MRI-driven multimodal deep learning approach for predicting pathological complete response after neoadjuvant chemoradiotherapy in locally advanced rectal cancer: A multicenter study.
Authors
Affiliations (5)
Affiliations (5)
- Department of Radiology, The First People's Hospital of Foshan (Foshan Hospital Affiliated to Southern University of Science and Technology), School of Medicine, Southern University of Science and Technology, Foshan, China.
- Department of Radiology, Yuebei People's Hospital, Shaoguan, China.
- Department of MRI, Maoming People's Hospital, Maoming, China.
- Department of Radiology, The First People's Hospital of Foshan (Foshan Hospital Affiliated to Southern University of Science and Technology), School of Medicine, Southern University of Science and Technology, Foshan, China. Electronic address: [email protected].
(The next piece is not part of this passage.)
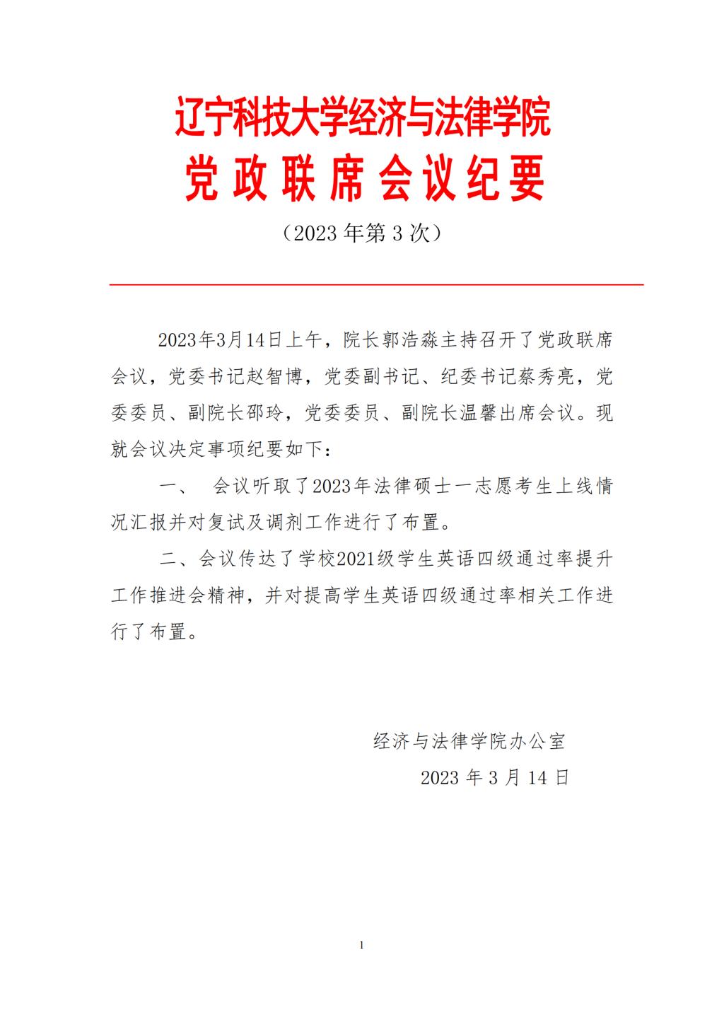 8xbet手机客户端经济与法律学院党政联席会会议纪要(2023年第3次)
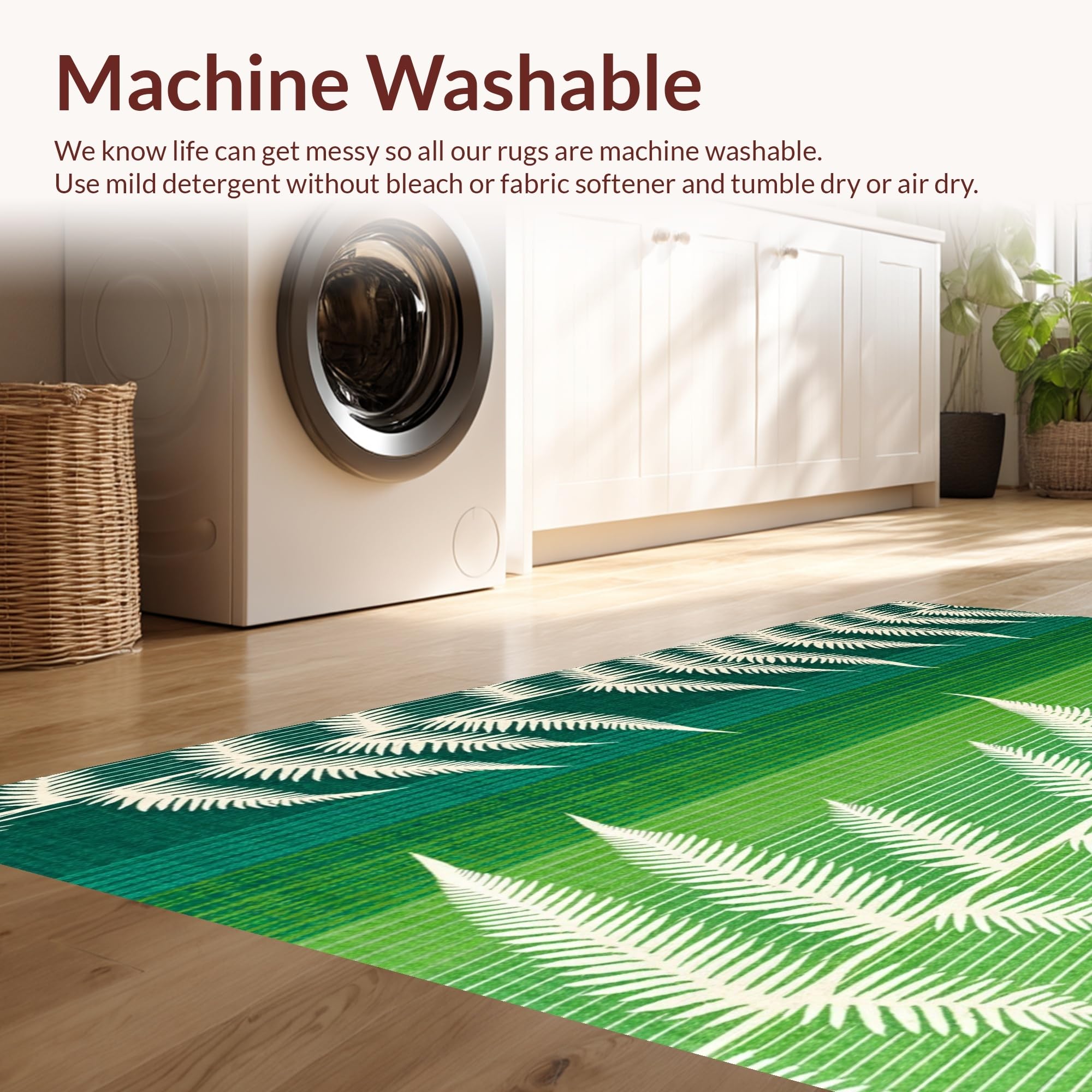 - Machine Washable: Our rugs can be easily thrown in the wash machine.

- Department of Radiology, The First People's Hospital of Foshan (Foshan Hospital Affiliated to Southern University of Science and Technology), School of Medicine, Southern University of Science and Technology, Foshan, China. Electronic address: [email protected].
Abstract
Achieving a pathological complete response (pCR) following neoadjuvant chemoradiotherapy (nCRT) in patients with locally advanced rectal cancer (LARC) enables organ preservation and may obviate the need for radical surgery. This study aimed to develop an interpretable magnetic resonance imaging (MRI)-based clinical deep learning radiomics (DLR) model to noninvasively predict treatment response before therapy. This retrospective cohort enrolled 180 LARC patients who received surgery following nCRT at a tertiary care center. And then they were assigned into a training cohort (Center 1, n = 92) and an external validation cohort (Centers 2 and 3, n = 88) for model development and independent evaluation. In total, 428 quantitative radiomics features and 320 deep learning (DL) features (from ResNet50, GoogLeNet, ResNet18, and VGG16) were obtained per patient from pre-nCRT and post-nCRT T2-weighted (T2WI) and diffusion-weighted imaging (DWI) sequences. The predictive performance of the model was quantified by the area under the receiver operating characteristic curve (AUC), and differences among models were statistically assessed with the DeLong test. To enhance interpretability, the Shapley Additive explanations (SHAP) analysis and Gradient-weighted Class Activation Mapping (Grad-CAM) approach were employed to validate and visualize the contribution of individual features. The DLR fusion model, which integrated radiomics features with ResNet50-derived deep learning features, demonstrated higher predictive performance for pCR in LARC patients after nCRT, yielding AUCs of 0.838 in the training cohort and 0.786 in the external validation cohort-surpassing the performance of other DLR models. The clinical DLR (CDLR) model achieved higher performance (AUCs: 0.923 and 0.866, respectively). SHAP analysis highlighted DL_26_T2WI_post as a key predictor of pCR. The interpretable CDLR fusion model based on pre-nCRT and post-nCRT multiparametric MRI offers a reliable, noninvasive approach for the prediction of pCR in LARC patients after receiving nCRT and shows potential for guiding individualized clinical decision-making.